The mushing season is upon us, with all its howling excitement. This challenging sport, steeped in the unique traditions of the north, has inspired generations of writers.
Two recent books offer to take young readers along for a vicarious taste of the Iditarod trail. Yet although both focus on the famous race and its canine athletes, the two are poles apart.
Jeff Schultz's "Dogs of the Iditarod" is primarily a photography collection, but the nonfiction text is informative and chocked full of lively quotes and anecdotes. The focus is squarely on the sled dogs, those super critters whose feats of strength, endurance and intelligence have won them legions of fans.
"As thrilling as the Iditarod race is because of its length, history, the terrain it covers and its unique nature, it holds the attention of its audience primarily because it involves man's best friend," Schultz writes. "The dogs of the Iditarod are truly what make this race so captivating."

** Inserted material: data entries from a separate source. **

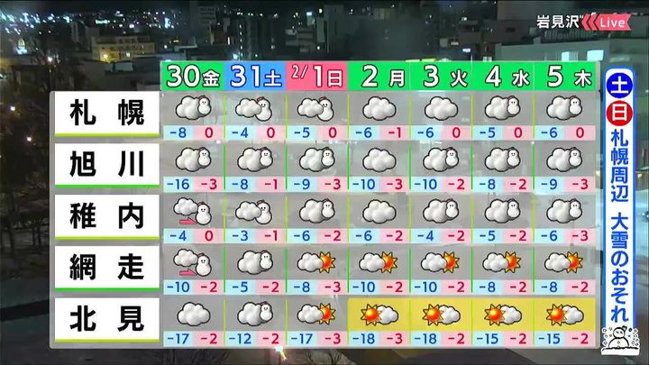 土日は各地で雪が降ります。特に札幌周辺で土曜は10~20センチ、日曜も20センチ前後の雪が降り、土日のトータルで30センチ以上に達するおそれがあります。
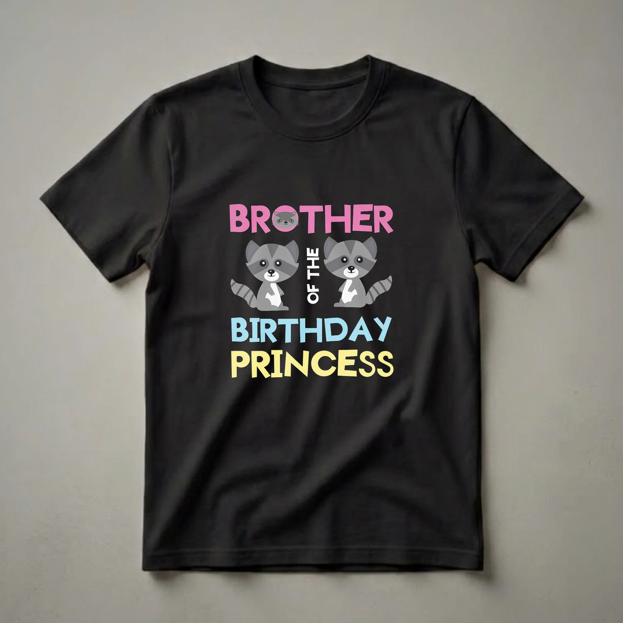 Siblings of the birthday princess can join the celebration with this fun graphic tee. The design features two cute, cartoon raccoons with striped tails, flanking the phrase "OF THE" in white text. Above them, the word "BROTHER" is displayed in bold pink lettering, with a smaller raccoon face peeking out from the 'O'. Below, "BIRTHDAY PRINCESS" is written in cheerful blue and yellow block letters. Raccoons, known for their distinctive masked faces and ringed tails, are often found in North American forests and urban areas, foraging for food. This shirt is a thoughtful gift for the brother who wants to show his support for his sister's special day. It's a great way for him to feel included in the birthday festivities, whether at a party, a family gathering, or just for everyday wear. This t-shirt makes a fun addition to any birthday outfit, coordinating with the birthday girl's theme. This apparel is a staple for any sibling duo celebrating a special occasion.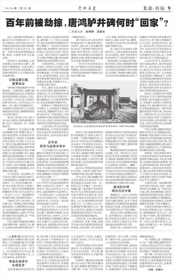 “《总汇》收集、披露的档案文献和学术论文无可辩驳地证明,唐碑属于战乱背景下外来占领者没有任何法理依据非法劫掠的流失文物,理应归还中国。”段勇说,回溯追索唐碑的过程,最大的阻力因素是日方,日本政府始终回避非法流失文物问题。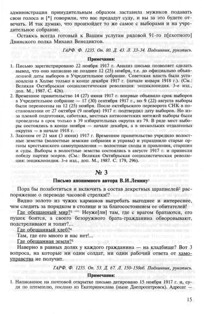 Письмо анонимного автора В.И.Ленину // ГА РФ. Ф. 1235. Oп. 53. Д. 67. Л. 150-150об. Подлинник, рукопись.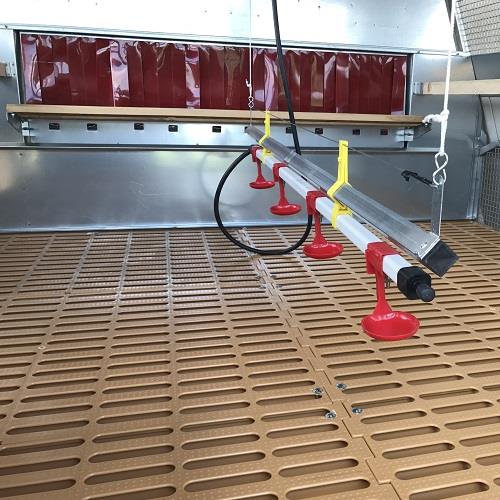 La distribuzione dell'acqua è garantita da 5 abbeveratoi in acciaio inox a 360° i quali sono assicurati ad un tubo con una vaschetta raccogli goccia. All'esterno è alloggiato un serbatoio coperto da un coperchio per alimenti il quale è dotato di un galleggiante da ½.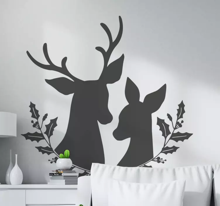 Riferimento: A46840Una rappresentazione affascinante di due cervi con corna intricate e espressioni dolci, incorniciati da rami di agrifoglio. Questo design evoca una sensazione di calore e connessione con la natura, perfetto per trasformare qualsiasi spazio in un ambiente sereno e accogliente.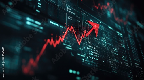 © Sampao, Obraz premium Corporate finance report visualized with digital analytics, a histogram, and a bold red success arrow.

"Dogs of the Iditarod" dwells on the training and breeding of sled dogs. Joe Runyan, a past race champion, tells the author the modern Alaskan husky is not a breed of dog, but rather a "concept," with the emphasis on speed and hard pulling. The book does a good job showcasing the motley array of dogs seen on the trail.
Schultz has been shooting the Iditarod and hobnobbing with mushers for two decades. As a result, this book features a wide variety of excellent images showing sled dogs at work, rest and play. He includes plenty of cute puppies as well, guaranteed to find the soft spot in any dog lover's heart.
The text is not written specifically for juvenile readers and contains challenging words like "decathlete" and "thoroughbred." But motivated children in the upper grades who like dogs will tackle this book with enthusiasm. Also, Schultz avoids controversial issues such as dog injuries and culling puppies, so parents need not fear the book will distress sensitive young animal lovers.
"The Mystery on Alaska's Iditarod Trail" is a dog of a different color. Georgia-based author Carole Marsh has written the book as part of a 12-volume series, "Carole Marsh Mysteries." The books target ages 7 to 14, putting real children into fictional mystery adventures in historic settings across the United States. Her books aim to entertain while promoting education and wholesome values, according to information from the publisher.
The Mystery on Alaska's Iditarod Trail
By Carole Marsh
$14.95 (hardcover); $5.95 (paperback)
In this volume, writer Mimi takes her grandchildren, 9-year-old Christina and 7-year-old Grant, to Alaska, where she is researching the Iditarod race for an upcoming book. The Georgians travel to Wasilla, where they stay at the Rutledge Dog Sled Training Camp with musher Joe Rutledge, his Inuit wife and their two children, 11-year-old Raven and 7-year-old Hunter.
The plot takes shape as Rut-ledge's dogs disappear without a trace and are even poisoned leading up to the race. A pile of gold bars disappears as well. Soon the children are on the trail not only to Nome but also to recover the dogs and gold.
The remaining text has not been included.